Sports jokes
What is Osama bin Laden's favorite football team?
The New York Jets.
I was going to watch the origami world championships before it folded.
But it was only on paper view.
What is a Mexican's favorite sport?
Cross country.
I was playing a tennis match against a girl and said, "I will fuck you up." She said, "Try me." So that's exactly what I did, and I won by forfeit as she ended up running away crying.
What is a dry swimmer?
Not in the water...
Memes
Kobe Bryant never missed a shot.
But he nailed that mountain.
What's better than winning gold at the Paralympics?
Not being retarded.
If Shaq had a boat, he would name it "Freethrow," because he would never sink it.
Don't worry about missing a shot after yelling "Kobe". He didn't make it either.
What is Al-Qaeda's favorite football team? The New York Jets.
Why doesn't Mexico compete in the Olympics?
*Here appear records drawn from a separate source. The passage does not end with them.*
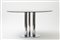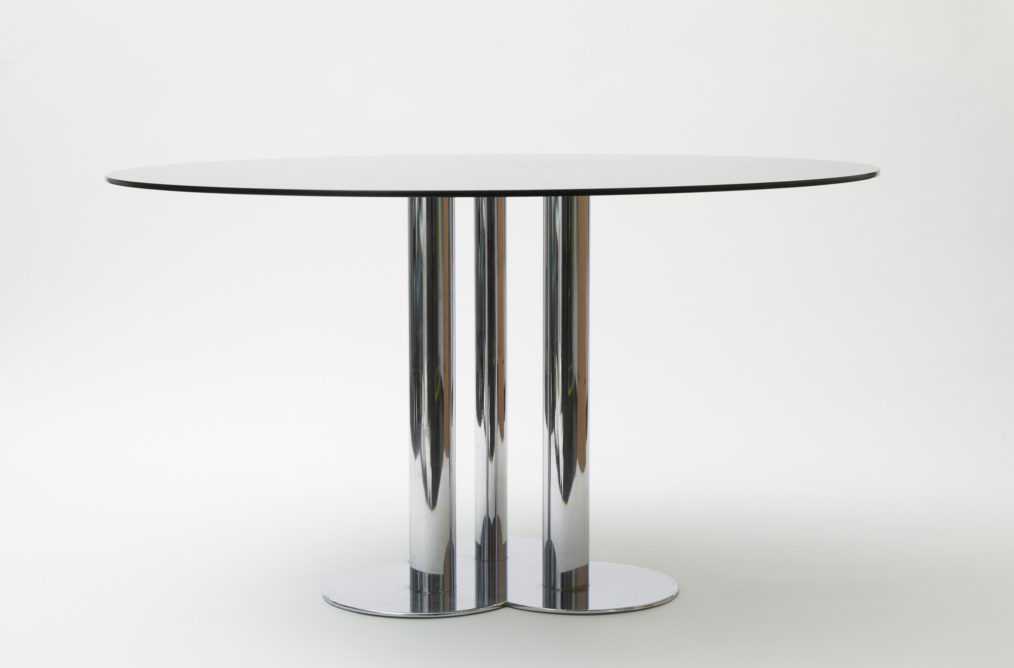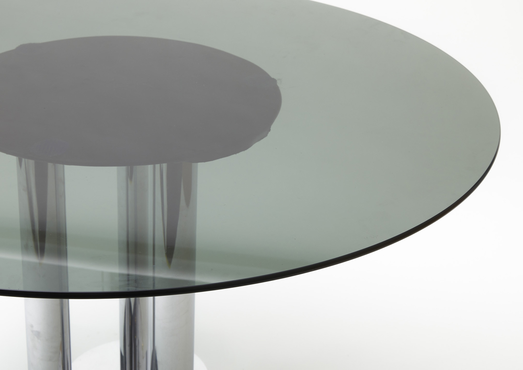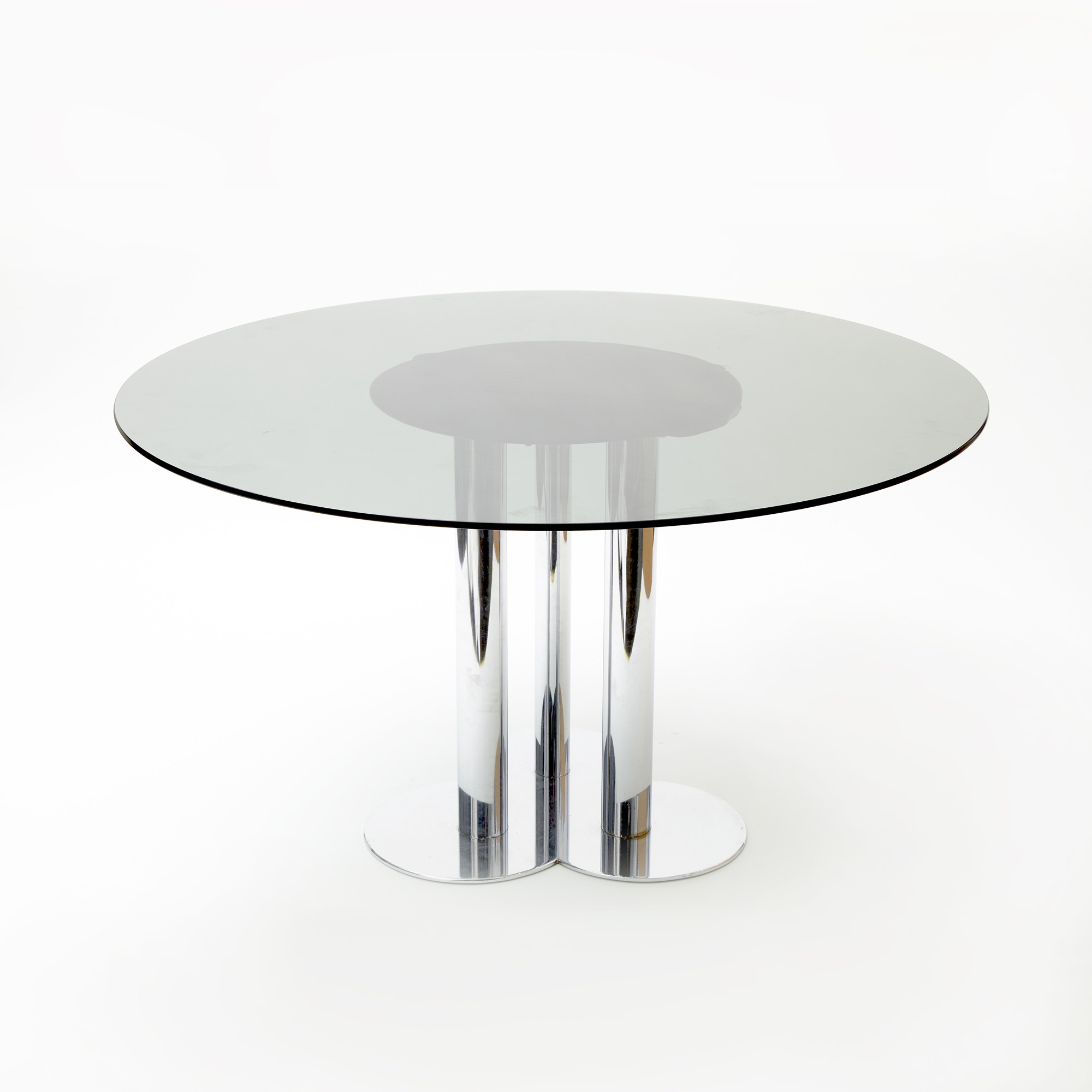 Tavolo "Trifoglio", mod. TP. 121, composto da un piano rotondo in cristallo fumé poggiante su supporto metallico cromato.
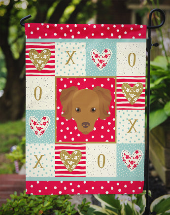Decorate your space with our Valentine's Day Chihuahua artwork on a Garden Flag. Enhance the beauty of your garden, patio, or yard with Caroline's Treasures Decorative Garden Flag, proudly made in the USA. Crafted from two pieces of thick, double-sided polyester fabric, this 2-ply garden flag is designed to withstand various weather conditions, making it water-resistant and weatherproof. Featuring correctly readable words on both sides, this garden flag offers a delightful visual experience from any angle. With its heavier weight, it stands out among other garden flags, ensuring stability and durability even in wind, rain, and snow. Measuring approximately 11 1/4 inches by 15 1/2 inches, this flag allows you to personalize your outdoor decor. It comes with a 1 1/2-inch sleeve sewn in, allowing easy attachment to any standard garden flag stand or garden size porch hanger (sold separately). Make a statement in your outdoor space with Caroline's Treasures Decorative Garden Flag, a vibrant and high-quality flag that adds color and personality to your surroundings. Proudly made in the USA, it's a symbol of quality craftsmanship and attention to detail.
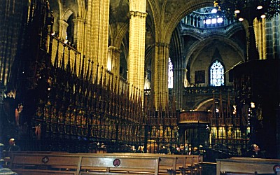 | Cathedral del Catalunya - Het koor is prachtig, met veel houtsnijwerk. |
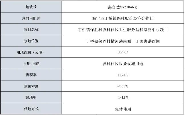 这块地的位置是在 丁桥镇保胜村横河港南侧、丁国狮港西侧 用地面积0.2967公顷 是农村社区服务设施用地 容积率为1.0-1.2 供地方式是集体使用

Because all the Mexicans who can run, jump, and swim are in the U.S.
At baseball practice...
"Hey John, did you bring the bucket of balls?"
"No, but I got two right here."
I hit a ball with a bat, it was called animal abuse.
"Why is it that orphans only play tennis?""That's the only love they can get..."
Ball so hard! 😂🤣
What is Stephen Hawking best at in basketball?
dribbling.
Why can't orphans never run all the bases in baseball? Because they can never make it home.
I was playing football with my friends, and I got tackled and got a penalty. Suddenly, the ground started shaking, and Penaldo emerged from the mud. He took the penalty, but since it wasn't Andorra, he missed. Shame on you, Penaldo!
How do you light up a football stadium? With a football match.
Kobe jokes just don’t land well anymore.